Could you transcribe exactly the lines below, from the line with "In a soft camel" through the line with "A Fisher-Price rugdalozó", and nothing else, leaving out the pictures?

Records for the exercise:
______

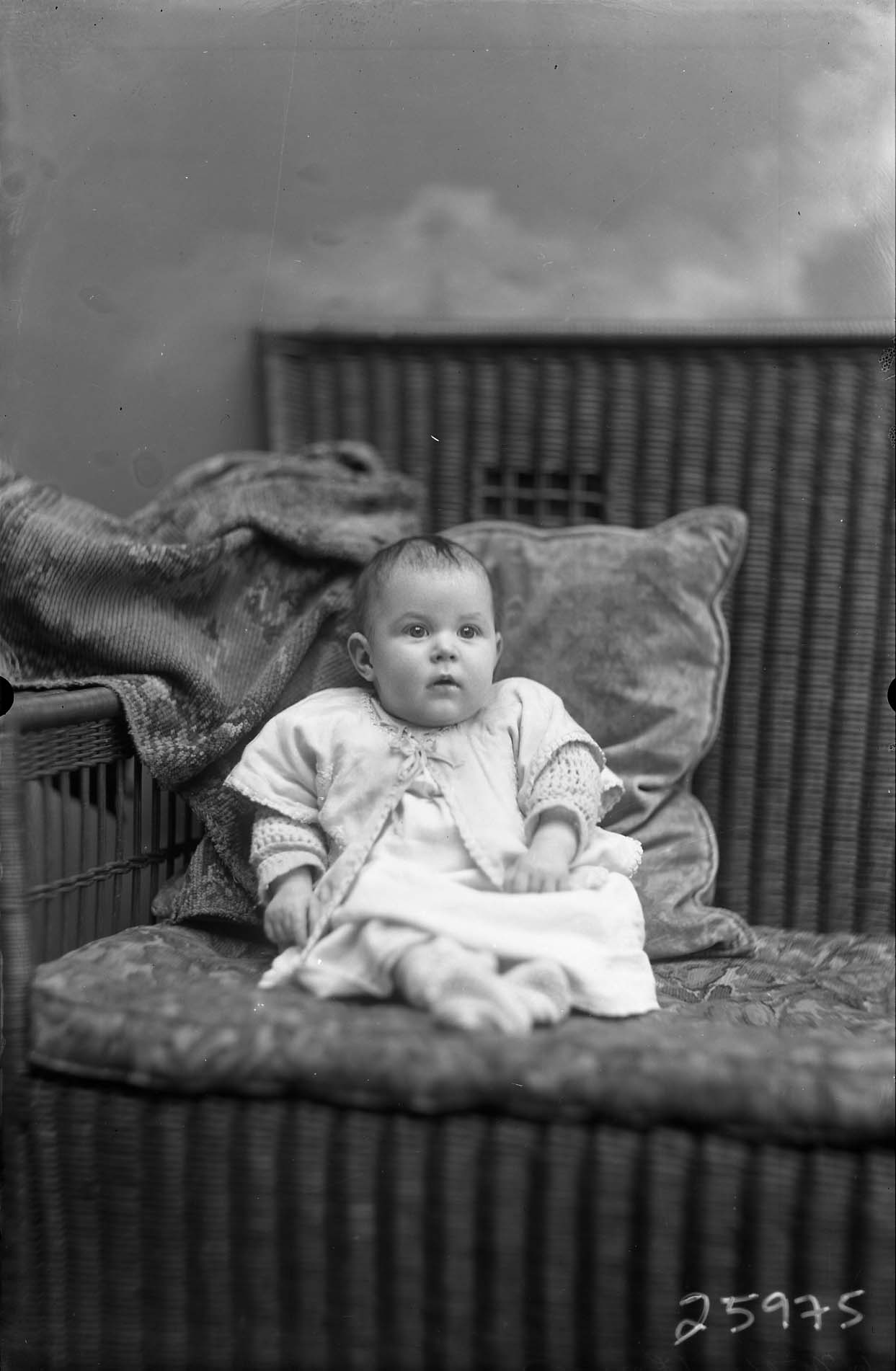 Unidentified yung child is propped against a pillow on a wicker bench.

______

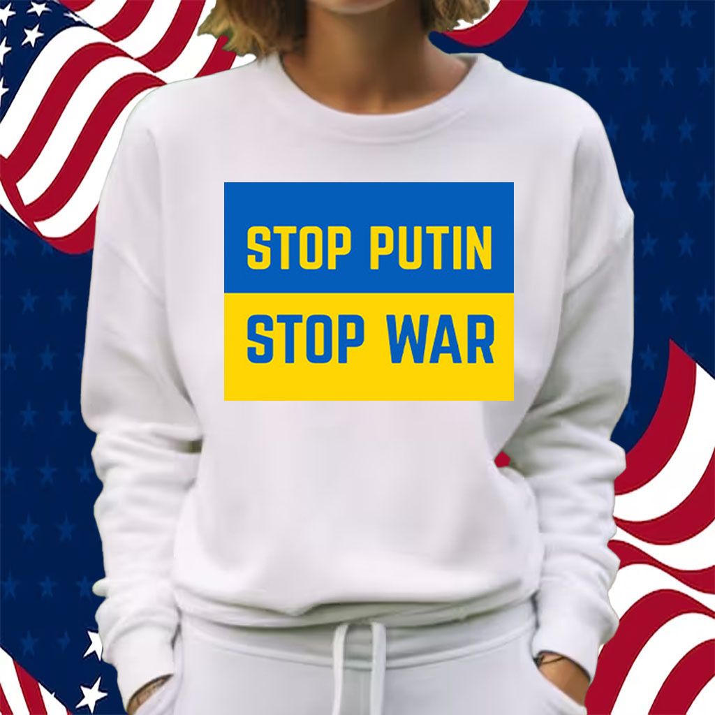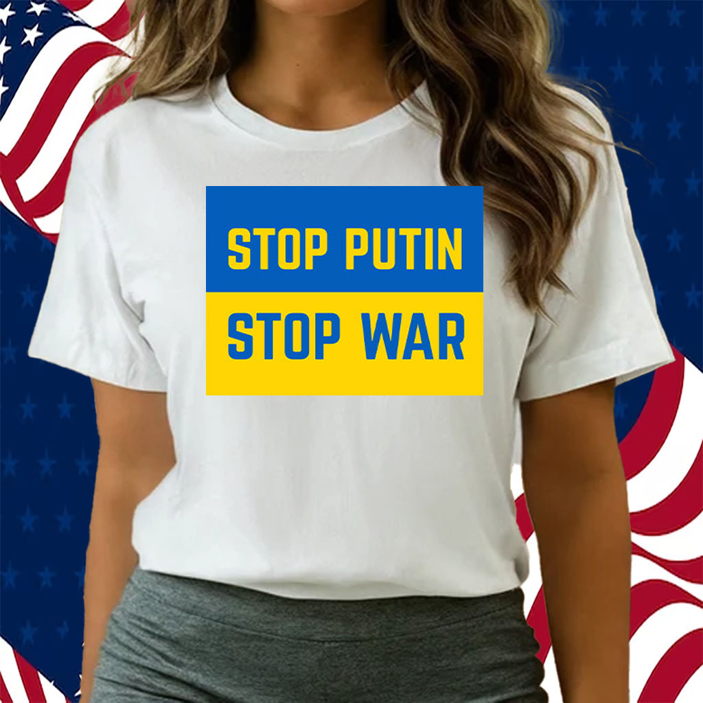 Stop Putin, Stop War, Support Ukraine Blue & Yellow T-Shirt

______

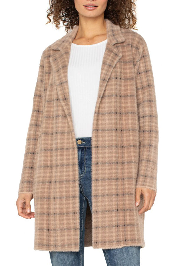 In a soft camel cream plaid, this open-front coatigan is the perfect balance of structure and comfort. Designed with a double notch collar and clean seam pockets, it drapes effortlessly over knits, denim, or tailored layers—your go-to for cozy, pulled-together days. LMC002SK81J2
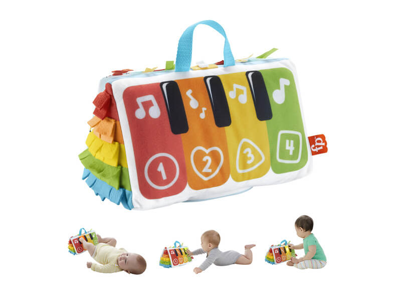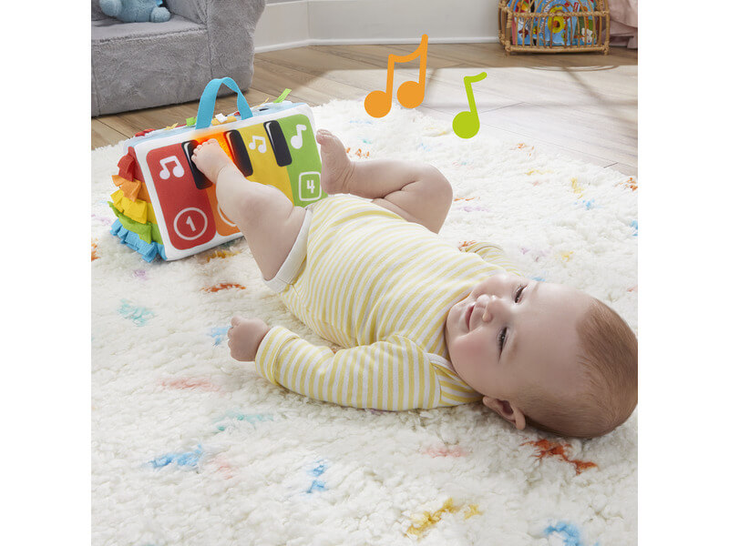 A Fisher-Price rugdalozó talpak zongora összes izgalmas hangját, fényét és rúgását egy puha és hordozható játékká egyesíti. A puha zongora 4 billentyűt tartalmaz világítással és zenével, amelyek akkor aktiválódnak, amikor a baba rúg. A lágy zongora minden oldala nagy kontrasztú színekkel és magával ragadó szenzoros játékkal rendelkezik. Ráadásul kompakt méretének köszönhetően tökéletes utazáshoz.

______

Solution below:
 In a soft camel cream plaid, this open-front coatigan is the perfect balance of structure and comfort. Designed with a double notch collar and clean seam pockets, it drapes effortlessly over knits, denim, or tailored layers—your go-to for cozy, pulled-together days. LMC002SK81J2
 A Fisher-Price rugdalozó talpak zongora összes izgalmas hangját, fényét és rúgását egy puha és hordozható játékká egyesíti. A puha zongora 4 billentyűt tartalmaz világítással és zenével, amelyek akkor aktiválódnak, amikor a baba rúg. A lágy zongora minden oldala nagy kontrasztú színekkel és magával ragadó szenzoros játékkal rendelkezik. Ráadásul kompakt méretének köszönhetően tökéletes utazáshoz.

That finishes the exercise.